By the end of March 2021, France organized an international meeting for the RISC-V worldwide community, for the 3rd time. Some teams contributing to Nanoelec programs are more and more involved in worldwide collaborations on open standards for processors innovation . In this frame, Nanoelec is strongly supporting the workshop “RISC-V week” and CEA is member of the RISC-V International Association and joint, since 2021, the Open Hardware Group. Fabien Clermidy, Head of Computing Departement at CEA List & CEA representative at the OpenHW Group explains.
What is the interest to focus on open hardware and software for innovative architecture for Nanoelec?
Innovation is required to keep environmental sustainability of the digitalization and the trend for electronics devices everywhere. The challenge to address is to enable design of specialized integrated devices and embedded systems that are frugal in energy while mastering their development costs and time.
Open Hardware enabled by RISC-V ISA and Open Software like Linux are creating common homegrounds and strong references for some dedicated markets facilitating collaborations and over which real innovations can be developed and accurately evaluated. They are powerful enablers for Nanoelec.
RISC-V is presented as “paving the way for the next 50 years of computing design and innovation”. What are the expected breakthroughs?
One of the breakthrough enabled by RISC-V Open ISA and Open Hardware as a whole is the ability to design specialized High Performance Computing SoCs “correct by construction” , “Secured by design” and/or “trustworthy”.
RISC-V facilitates more transversal innovation at the SoC or platform level. This will have a strong impact on low-power consumption and security research for instance, two areas that essentially require cross-disciplinary approaches (analog design, digital design, software).
Open-source hardware and especially RISC-V opens a whole field to innovation: e.g. computing cores, micro-architecture, integration with caches and memory hierarchy, and accelerators.
Despite the end of Moore’s Law, computing power increase can be achieved through accelerators co-designed to serve the requirements of a given business software stack. Finally, it will lead to de-facto standards that will facilitate implementations by various players who have their independence of action at heart.
This will have a strong impact in computing and embedded systems where specialization is paramount, like embedded perception, AI for autonomous vehicles, cloud computing, and HPC.
Participating in Open Hardware Group task forces will also increase Nanoelec capacity and skills for designing new kinds of processors, systems and tools?
In 2020, CEA, in the frame of IRT Nanoelec, renewed its membership to RISC-V International, a Zürich-based foundation that drives collaboration around RISC-V ISA (Instruction Set Architectures) specifications. Joining the OpenHW Group, a forum dedicated to cooperation on the development of open-source cores, tools and software, allows us to go forward and collaborate on actual implementations.
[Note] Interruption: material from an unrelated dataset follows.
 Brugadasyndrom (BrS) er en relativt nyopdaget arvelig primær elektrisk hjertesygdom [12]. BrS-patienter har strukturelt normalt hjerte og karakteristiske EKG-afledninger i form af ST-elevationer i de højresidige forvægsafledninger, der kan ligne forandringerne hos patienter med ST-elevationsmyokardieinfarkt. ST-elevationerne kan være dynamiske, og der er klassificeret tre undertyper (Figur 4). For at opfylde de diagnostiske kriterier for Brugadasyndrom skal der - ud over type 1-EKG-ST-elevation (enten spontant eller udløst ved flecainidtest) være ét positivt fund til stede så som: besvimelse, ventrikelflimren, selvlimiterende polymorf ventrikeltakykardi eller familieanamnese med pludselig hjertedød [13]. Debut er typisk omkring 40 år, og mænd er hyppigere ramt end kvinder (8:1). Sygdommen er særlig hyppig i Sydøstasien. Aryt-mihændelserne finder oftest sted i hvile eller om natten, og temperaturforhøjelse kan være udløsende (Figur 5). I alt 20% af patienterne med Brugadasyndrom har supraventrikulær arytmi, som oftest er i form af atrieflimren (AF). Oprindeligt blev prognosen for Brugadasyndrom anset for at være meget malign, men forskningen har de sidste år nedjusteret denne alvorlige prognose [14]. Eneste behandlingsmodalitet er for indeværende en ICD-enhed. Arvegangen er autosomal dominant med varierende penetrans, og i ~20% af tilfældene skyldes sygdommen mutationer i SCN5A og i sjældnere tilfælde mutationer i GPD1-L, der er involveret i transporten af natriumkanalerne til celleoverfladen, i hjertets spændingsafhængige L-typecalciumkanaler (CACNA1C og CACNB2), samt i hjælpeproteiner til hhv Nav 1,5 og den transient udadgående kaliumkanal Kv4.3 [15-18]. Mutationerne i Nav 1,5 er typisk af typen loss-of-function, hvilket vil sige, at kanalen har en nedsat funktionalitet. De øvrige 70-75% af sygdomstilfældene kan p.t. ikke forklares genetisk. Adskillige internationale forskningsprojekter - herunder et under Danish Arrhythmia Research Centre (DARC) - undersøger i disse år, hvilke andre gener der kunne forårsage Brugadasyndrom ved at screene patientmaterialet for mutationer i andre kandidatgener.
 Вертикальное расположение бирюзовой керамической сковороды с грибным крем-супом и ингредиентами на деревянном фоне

Within the challenges of hardware designs are the costs and time required for the last stages of IP verification. It is important to catch bugs early on to reduce verification costs, and improve time-to-market. The openness of RISC-V ISA allows collaboration on verification tools, e.g. of ISA implementations. Open collaboration, massive reuse and sharing will quickly improve these IP and tools maturities.
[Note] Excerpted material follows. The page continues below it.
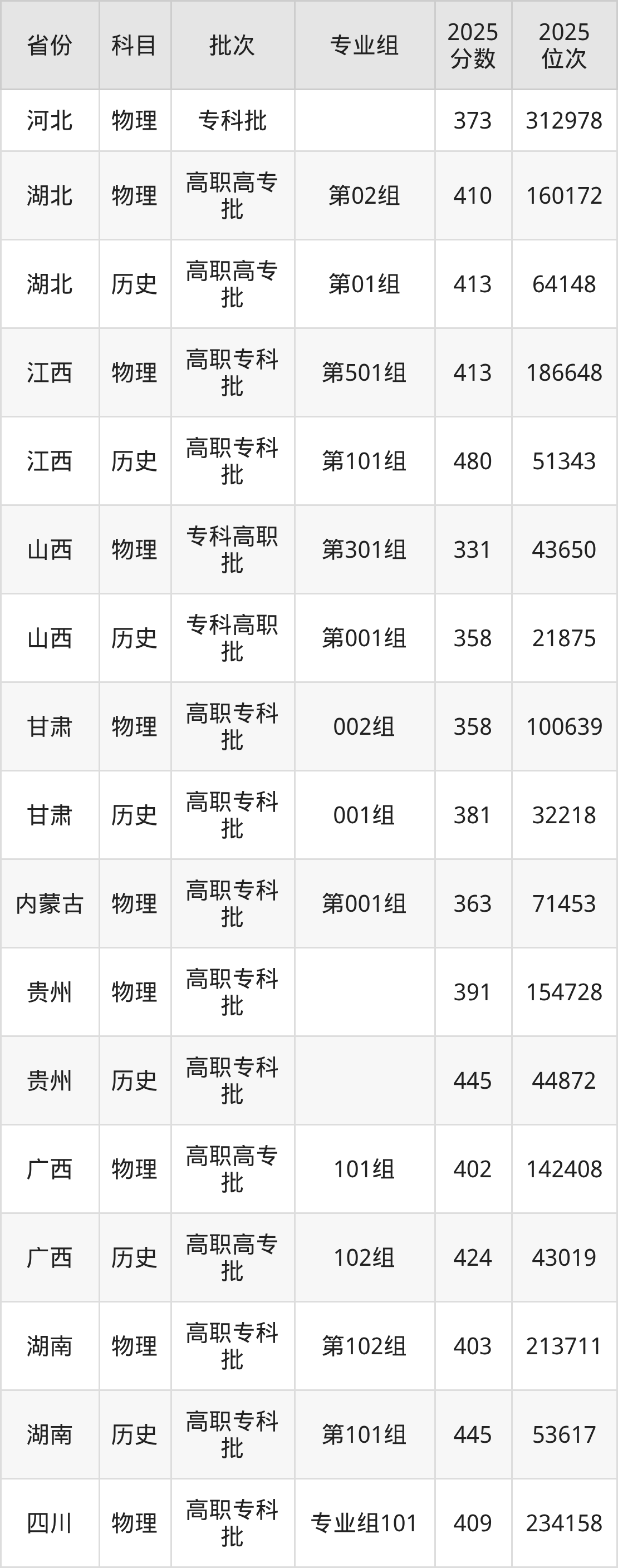 2025年在专科物理类进行招生,各专业组分数线详情如下:

The same kind of virtuous circle will come for other SoC technologies that will be open sourced, e.g. NoC, cache coherency, virtual memory, vector processing, or specialized processors based on RISC-V ISA extensions and accelerators.
The OpenHW Group, as a not-for-profit global organization, is also a tremendous opportunity to expose our contributions to potential partners on the global market.
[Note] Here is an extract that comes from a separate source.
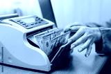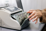 Close-up of dollar bills in an electronic money counting machine, ideal for illustrating financial services, cash management, or currency exchange.
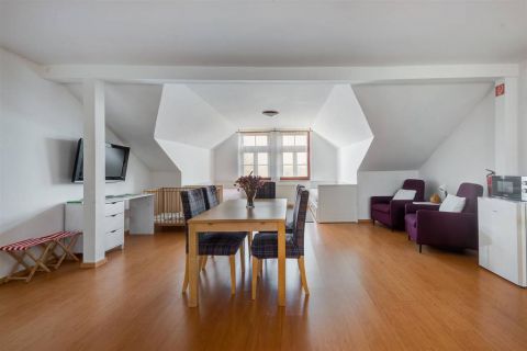 A panzióban 6 erkély kapcsolatos szoba van. A 3 tetőtéri szoba dunai panorámás. A szobákban fürdőszobák is vannak.

By the end of March 2021, France organizes an international meeting for the RISC-V worldwide community, for the 3rd time. Let us know about the purpose of the meeting.
The proprietary nature of previous ISA left little possibilities, if at all, for collaboration between hardware and software research communities. With the advent RISC-V and open source hardware, it is important to bring together these two communities in order to co-optimize at the system level and fully realize the benefits of open source hardware and software. We can see the benefits of this approach in our own developments for security for IoT and variable precision floating-point in numerical computing.
The “3rd RISC-V Meeting” and the “OpenHW Day” will further emphasis the benefits of hardware and software co-design and open source collaboration. These events will be both online and, hopefully, IRL (in real life) in Palaiseau and Grenoble.
In addition to 20 technical presentations, we will have the pleasure to have significant contributions from prominent personalities of our community like Prof. Gernot Heiser (UNSW Sidney), Prof. Luca Benini (ETHZ & Univ. Bologna), PhD Rishiyur S. Nikhil (Bluespec), PhD Gabriel L. Somlo (CERT/SEI, CMU) and Dominic Rizzo (Google).